Самого ордена пока нет. Подполковник пообещал: скоро, как только появится возможность, пришлют. А как скоро? Дождется ли наш орденоносец своей награды? Очень возможно, и дождется... Обязательно дождется! Наш Вахоня невероятно везучий, прямо заговоренный от пуль и осколков. Таково общее мнение.
После команды "разойдись!" мы как следует покачали первого орденоносца в 172-м ОЛБ.
О поле, поле, кто тебя
Усеял мертвыми костями?..
А. С. Пушкин
Волховские панорамы
После захода в лагерь ольховчан мы выбрались на основную дорогу. Но прошли по ней немного, опять делаем зигзаг. И натыкаемся на такую картину.
Большая лесная поляна. Видимо, ом здесь обильно растет земляника. Снега уже мало, но в окаймляющем поляну густом лесу растаял только наполовину. Исчезая, он постепенно раскрывает тайну, которую хранил в течение зимы...
Незадолго до войны мне довелось видеть знаменитую панораму "Оборона Севастополя". Она произвела на меня сильное впечатление. Сейчас, на фронте, нам тоже встречаются панорамы. Севастопольскую панораму создал художник-баталист Франц Рубо. Автор первозданных фронтовых панорам - война.
Перед нами одна из таких панорам.
В лесу - следы жестокого боя. Десятки вмерзших в снег неубранных трупов. К югу от поляны - наших бойцов, к северу - немецких солдат.
В глубоком молчании расхаживаем по этому кладбищу непогребенных, начинаем с южной его половины. Вынимаем из карманов гимнастерок медальоны... У каждого убитого своя поза, но подавляющее большинство лежит головой к северу. Значит, наступали в ту сторону, к Чудову. Вот раскинув руки лежит сержант. Треугольники на его петлицах самодельные - вырезаны из жести консервной банки. Вокруг сержанта разбросаны пустые пулеметные ленты. Самого пулемета, конечно, нет, его забрали с собой те, кто остались живы и пошли вперед...
Из сугроба торчат кирзовые сапоги... Кому они принадлежат? Выяснится, быть может, спустя неделю, а то и раньше, когда весенняя теплынь как следует возьмется за эту лесную непролазь. А бойца в пробитой пулей каске смерть настигла в тот момент, когда он перебирался через поваленное бурей дерево. Нахожу медальон, вынимаю из него свернутый в трубочку бумажный квадратик. Башкир из Белебея, 1920 года рождения...
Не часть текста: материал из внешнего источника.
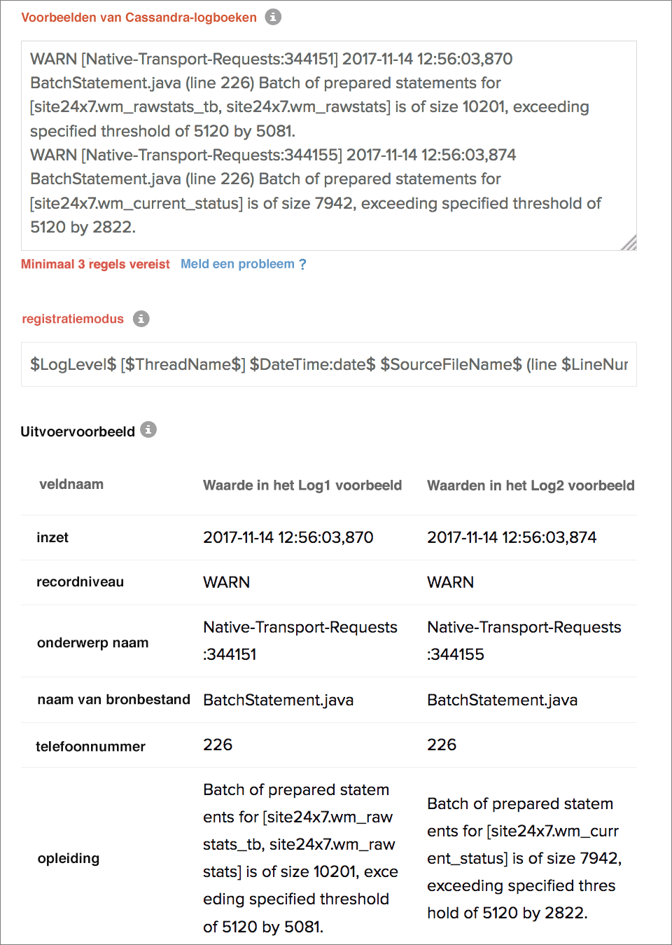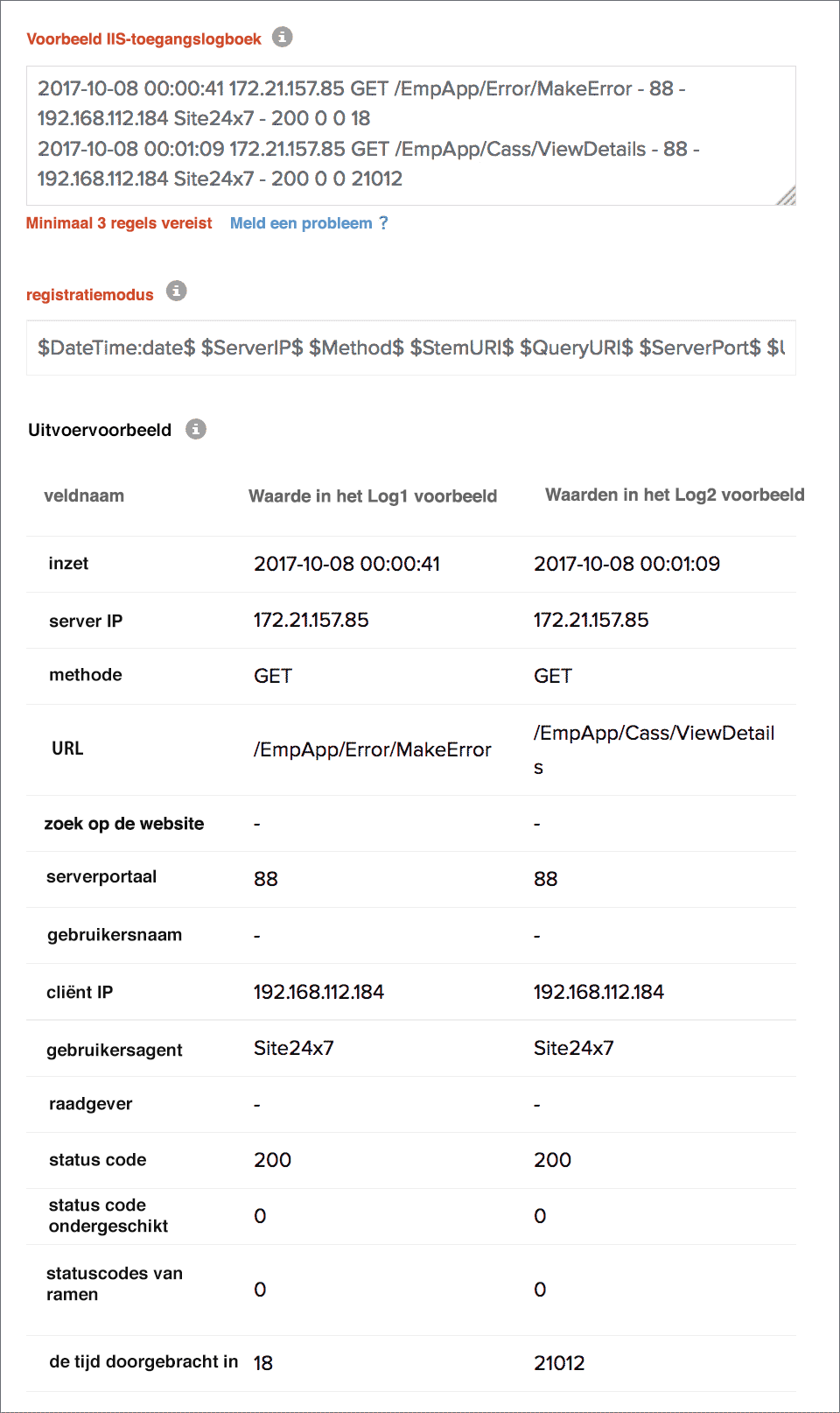 Al uw typische applicatielogs (bijv. IIS, Cassandra, Apache, NGINX, etc.) en logging-frameworks (bijv. Log4j, Log4Net en NLog) worden automatisch herkend. U kunt ook uw eigen logpatroon definiëren dat als een aangepast formaat kan worden opgeslagen. Logboeken die onder een standaard- of aangepast formaat vallen, worden automatisch opgehaald tijdens automatische detectie. U kunt ook logbestanden van uw externe servers ophalen en beheren.

Мы обнаружили в "сидорах" убитых довольно хорошо сохранившиеся продукты: консервы, сухари, концентраты, сушеную рыбу. Уцелел даже в плотно закрытых металлических коробочках кусковой сахар. Попадаются фляги со спиртом, кисеты с махоркой...
Одним словом, продуктов столько, что комиссар распорядился:
- Сдать старшинам. Пусть они разделят между всеми поровну.
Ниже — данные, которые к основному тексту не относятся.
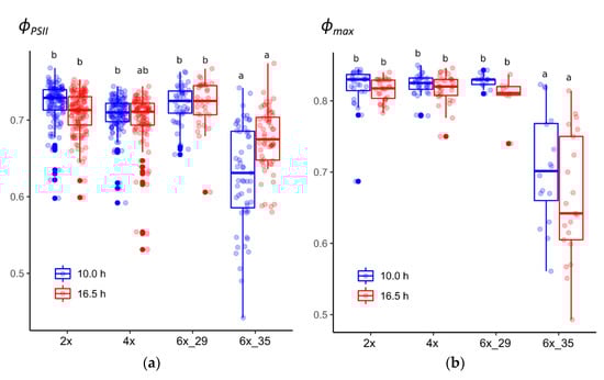 Likewise, the extended photoperiod did not affect the dark-adapted maximum quantum yield of PSII (ϕmax) with the only exception again being clone 6x_35 that differed significantly from the others (Figure 1b). Interestingly, after dark adaptation, 6x_35 plants that had been exposed to the extended photoperiod showed a lower median than in the case of ϕPSII, in which the median of the 10 h-exposed plants was lower.

Обратили мы внимание, что при каждом убитом есть противогаз. Свои мы побросали, брезентовые сумки использовали для хозяйственных надобностей, и начальство смотрит на это сквозь пальцы.
В немецкой части "панорамы" своя специфика. Противогазы - в жестяных цилиндрических коробках, "сидоры" - кожаные ранцы, как некогда у наших гимназистов, головные уборы - матерчатые кепи с приделанными к ним суконными наушниками. Немецкий медальон представляет собой алюминиевую пластинку прямоугольник или эллипс. Вдоль большой оси пластинки пунктирно пробит ряд отверстий - по этой линии прямоугольник или эллипс легко разломить на две равные половинки. На каждой половинке проштампован один и тот же текст: сокращенные названия подразделения и части, имя и фамилия. Но чаще фамилии нет, указан только порядковый номер военнослужащего по специальному штабному списку. Одна половинка остается при убитом, другую сдают в штаб.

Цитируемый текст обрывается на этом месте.